Wall Street is flooding Congress with lobbyists seeking to curtail key parts of the sweeping regulatory bill
Chris McGreal in Washington
guardian.co.uk } 27 April 2010
America's major banks are pouring millions of dollars into an apparently successful attempt to weaken Barack Obama's finance reform bill, currently stalled in Congress by Republican opposition.
In the face of deep public anger over the financial crisis and government bailouts, banks have flooded Congress with lobbyists seeking to curtail key parts of the sweeping regulatory bill – such as provisions to create an office for consumer protection and more strongly regulate the vast derivatives market.
JP Morgan Chase is at the forefront of lobby spending with $1.5m (£980,000) in the first quarter of this year alone – a sharp rise on the same period in 2009 – followed closely by Citigroup. Credit Suisse and Goldman Sachs have also spent more than $1m on lobbying Congress this year, more than double their previous spending.
The banking industry is second only to healthcare interests in the amount it spends on political lobbying.
Last year, America's eight leading banks and finance houses spent $30m to influence legislation. The broader financial industry has more than 2,600 lobbyists registered with Congress.

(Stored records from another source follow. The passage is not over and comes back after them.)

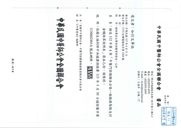 | 台北市中醫師公會 官網:http://www.tpcma.org.tw 地址:台北市中正區青島西路11號3樓 E-mail:tp.cma@msa.hinet.net 電話:(02)2314-3456(代表號) 傳真:(02)2314-8181 |
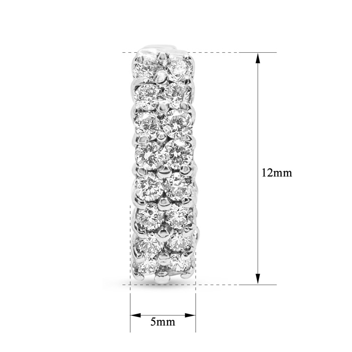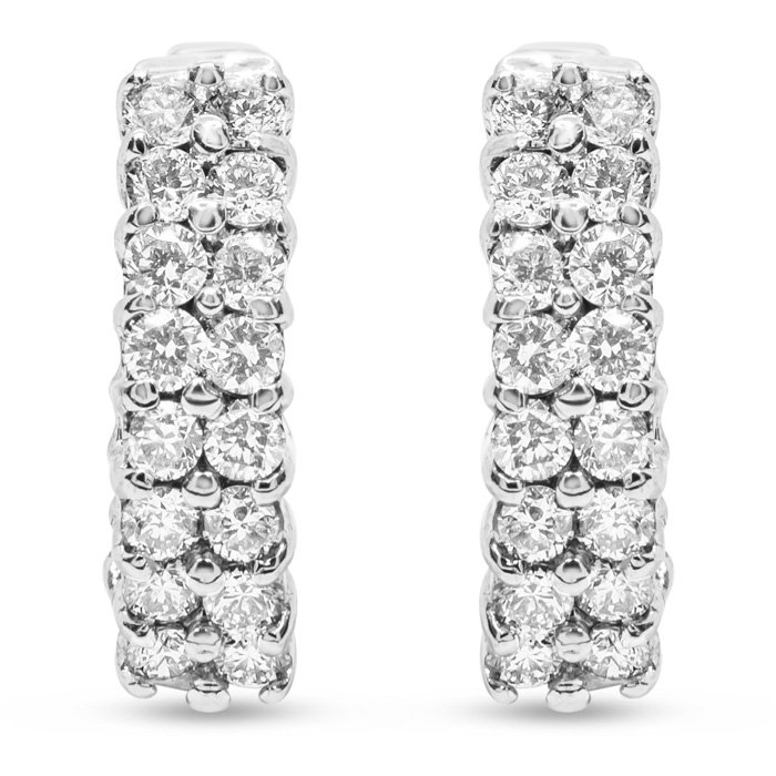 These classic moissanite huggie hoop earrings feature 32 sparkling moissanites in E-F color, VVS1-VVS2 clarity. Total carat weight is approximately 1/2 carat. These earrings have secure hidden snap backs and dangle down 1/2 inch. Earrings are in 14 karat white gold and are 5mm wide.
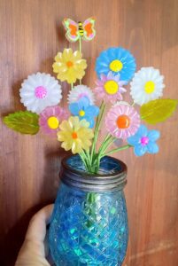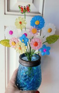 included in this arrangement are 3 medium stems, and 10 small frozen flowers. The Mason jar glass vase is about 6″ tall and are available in 3 colors. There are also 2 leaves and a bug 🐛
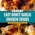 - Sticky, tender boneless chicken thighs are perfect for absorbing the flavorful honey garlic sauce.
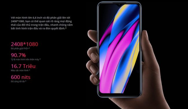 | Màn hình | Màn hình phẳng IPS 6.6 inch; FHD+ (1080 x 2400 pixel), 400ppi, màn hình có notch (có lõm nhỏ ở giữa mép trên), tỷ lệ hiển thị 20:9. Độ sáng 600 nit. Tốc độ lấy mẫu cảm ứng 180Hz. | Màn hình phẳng IPS 6.6 inch; FHD+ (1080 x 2412 pixel), 401ppi, màn hình đục lỗ (có lỗ tròn nhỏ ở góc trên bên trái), tỷ lệ hiển thị 20:9. Tốc độ refresh rate 120Hz với 6 tốc độ khác nhau tùy tác vụ. Tốc độ lấy mẫu cảm ứng 180Hz. |
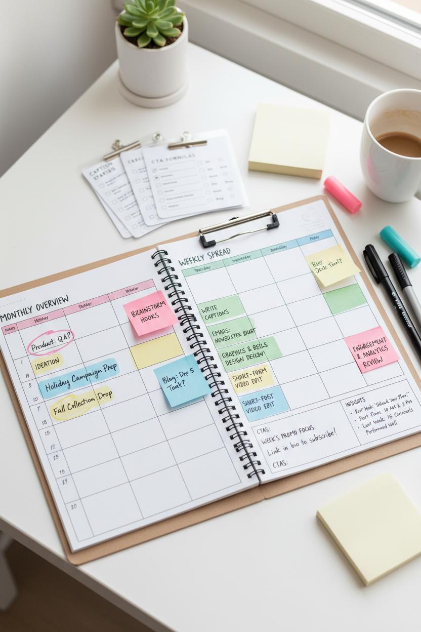 If you’ve ever sat down to post and felt your ideas evaporate, a simple printable planner can be the reset button your brain needs. Print a fresh weekly spread, slide it into a binder or clipboard, and use it as a tactile command center for batching. Start by parking your big-picture ideas in the monthly overview—think launches, campaigns, or seasonal moments—and treat that page like your editorial calendar. Then move into the week and stack similar tasks together: one block for brainstorming hooks, one for writing captions, another for graphics or reels, and a final block for scheduling. When you anchor these blocks to a clear content planning template, you’ll see how each piece ladders up to your content calendar without the stop-and-start that drains time and momentum.
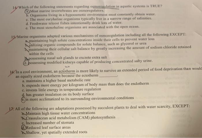 Solved Organisms Categorized As Osmoconformers Are Most Likely A Amphibious Alternating Between Aquatic And Terrestrial Environmens B Found In Terrestrial Environments With Adequate Moisture C Found In Arid Terrestrial Environments D Found In

The battle over the finance reform bill is principally driven by politics, with Republicans making a unified stand against it in an attempt to inflict an embarrassing defeat on Obama – or at least force a climbdown – ahead of the mid-term elections.
But Dave Levinthal of the Centre for Responsive Politics (CRP), which monitors the flow of lobby money, said that the influence of lobbyists swarming over Capitol Hill can be seen in the fate of individual elements of the legislation.
"It's remarkable that in a year in which the economy was in tatters that financial institutions would be spending more on lobbying than they ever have," he said. "We can tell that there are things that are not in the bill that would have been there if it wasn't for the concerted lobbying. Robust consumer protection for instance. It's very watered down."
Christopher Dodd, the chairman of the Senate banking committee who is a prime mover behind the legislation, in February criticised the "refusal of large (banking) firms to work constructively with Congress."
"Too many people in the industry have decided to invest in an army of lobbyists, whose only mission is to kill the common-sense financial reforms that we are working so hard up here to try to achieve," he said.
In parallel with the vast amounts poured into direct lobbying, the finance industry has also steered funds to individual members of Congress in campaign contributions, albeit with mixed results.
According to the CRP, major donors gave more to Democrats than Republicans, with JP Morgan Chase again at the forefront. Foreign-owned banks are also involved. The Royal Bank of Scotland has made $111,650 in political donations so far this year, the vast bulk of it to Democrats.
The single largest recipient of banking donations is Dodd, who has taken a total of $1.2m for his campaign fund.
Levinthal said individual campaign donations buy access even if they do not always have the intended influence over the outcome of legislation.
During his presidential election campaign, Obama received $39m from the finance and insurance industry, including nearly $1m from Goldman Sachs.